Covid has changed consumers’ relationship with foods, their ideas about health and their perceptions about what ingredients mean. According to Health & Wellness 2021: Reimagining Well-being Amid COVID-19, a new report from the Hartman Group, health and wellness have become more top-of-mind considerations for a broader set of consumers in the past two years as they have seen first-hand how infectious diseases, immunity, vaccine effectiveness and safety and mental health all play critical roles in their lives. They are now applying that experience to the foods they consume and are approaching menus more mindfully as a result. So what does that mean for restaurant operators? After the greater amount of time consumers have spent cooking meals at home in recent years, expect more scrutiny of ingredients, as well as the pursuit of less-processed, naturally plant-based foods. For example, the report indicates that more indulgent brands that are making wellness claims will need to be able to back them up more precisely – and that more natural presentations of plant-based proteins are likely to emerge as preferred options by health-conscious consumers. If you have a brand that is built around wellness, or if you simply make wellness claims around specific menu items, aim for simpler, unprocessed ingredients and be ready to answer questions about what’s on (and in) the menu.

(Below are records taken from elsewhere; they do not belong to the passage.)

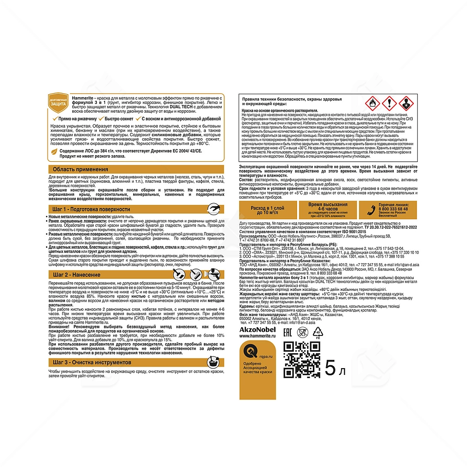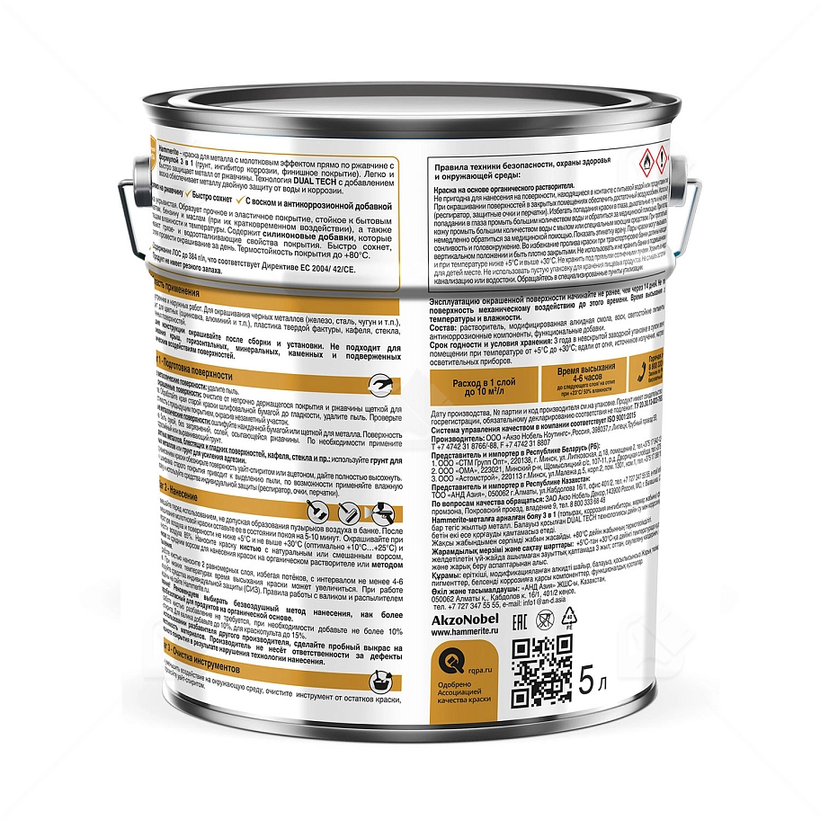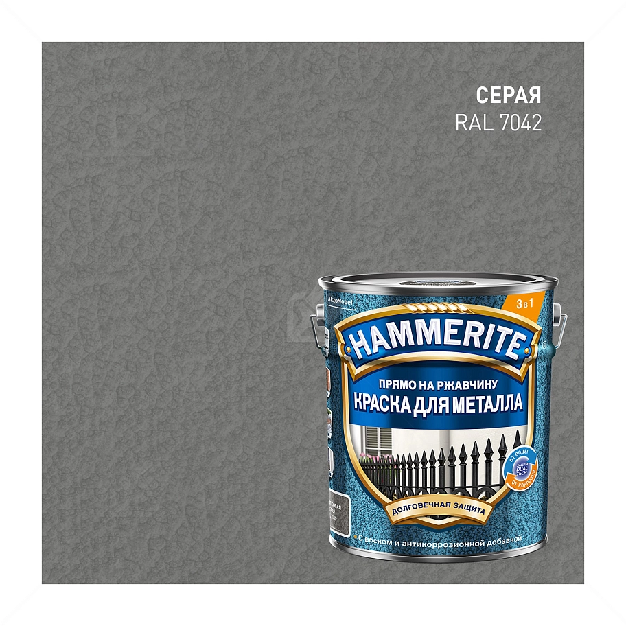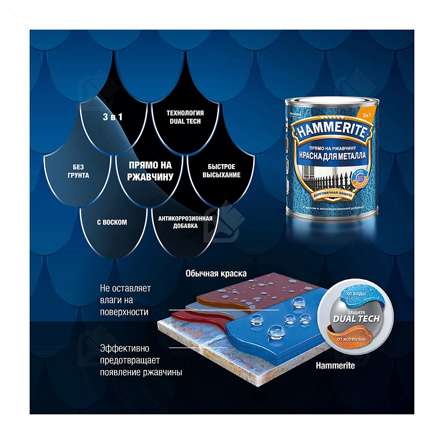 Купить краску по металлу Hammerite, алкидная молотковая краска Хаммерайт 3в1 для металлических поверхностей, идеально подходит для защиты металлических поверхностей от ржавчины. С формулой 3 в 1 (грунт, ингибитор коррозии, финишное покрытие), она легко и быстро придает красивый внешний вид и защищает металл. Благодаря технологии DUAL TECH с добавлением воска краска обеспечивает двойную защиту металлической поверхности от воды и коррозии.
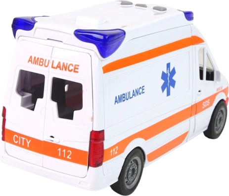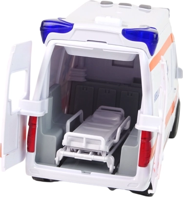 A szirénával és kék villogóval felszerelt mentőautó minden fiatal egészségügyi sofőr számára remek választás. Az autó teljes egészében műanyagból készült, a mentőautókra jellemző színvilágban. Az első kerekek lendkerekesek, így a jármű magától gurul. A hang- és fényeffektek a tetőn lévő gombokkal aktiválhatók.
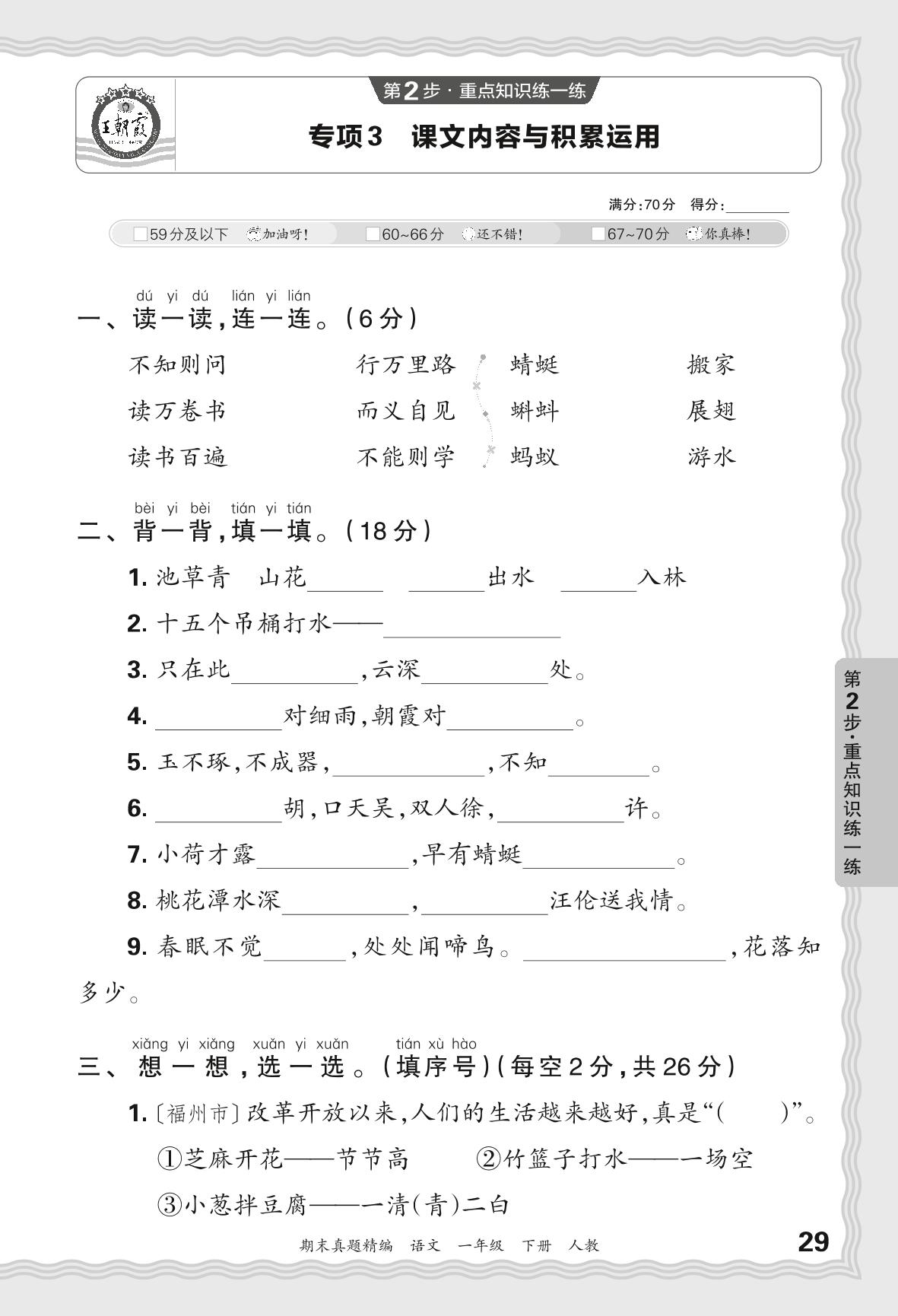 2024春下册一年级语文人教版 期末专项卷JB版·课文内容与积累运用【3】

The pandemic has elevated consumer interest in breakfast – and not just at what is typically thought of as breakfast time. According to a recent survey of more than 2,000 adults by the Harris Poll and General Mills Foodservice, 24 percent of Americans say they have eaten more breakfast foods during the pandemic and 79 percent have eaten breakfast foods outside the hours of the traditional daypart, Winsight reports. Consider testing the boundaries of breakfast by offering traditional breakfast items – or creative twists on them – on your lunch, dinner, snack and even dessert menus.
When supplies are unpredictable and it’s more critical then ever to minimize waste, restaurants need to find ways to make use of every ingredient they have on hand – even when those ingredients are changing week to week and season to season. Being nimble with ingredients – and not necessarily hiding that from customers – can help. As described in a recent Nation’s Restaurant News report about how restaurants will be operating in the near future, Puritan & Company in Boston has gotten creative about adapting its menu to whatever stock it has on hand. The chef there has a $22 dish on the menu dubbed the “kitchen sink” lasagna. It incorporates whatever vegetables the restaurant happens to have available, as well as any excess meat it has at the time the dish is offered. If a kitchen-sink-type dish won’t work on your menu, think about how you might best cross-utilize ingredients across multiple dishes. It minimizes waste, utilizes labor more efficiently and typically improves overall business results. Restaurant brands ranging from McDonald’s to Olive Garden to Taco Bell have trimmed their menus in recent quarters. Instead of turning off customers, the move has improved performance across the board because it has enabled the restaurants to focus on churning out more of its most popular items to larger numbers of people.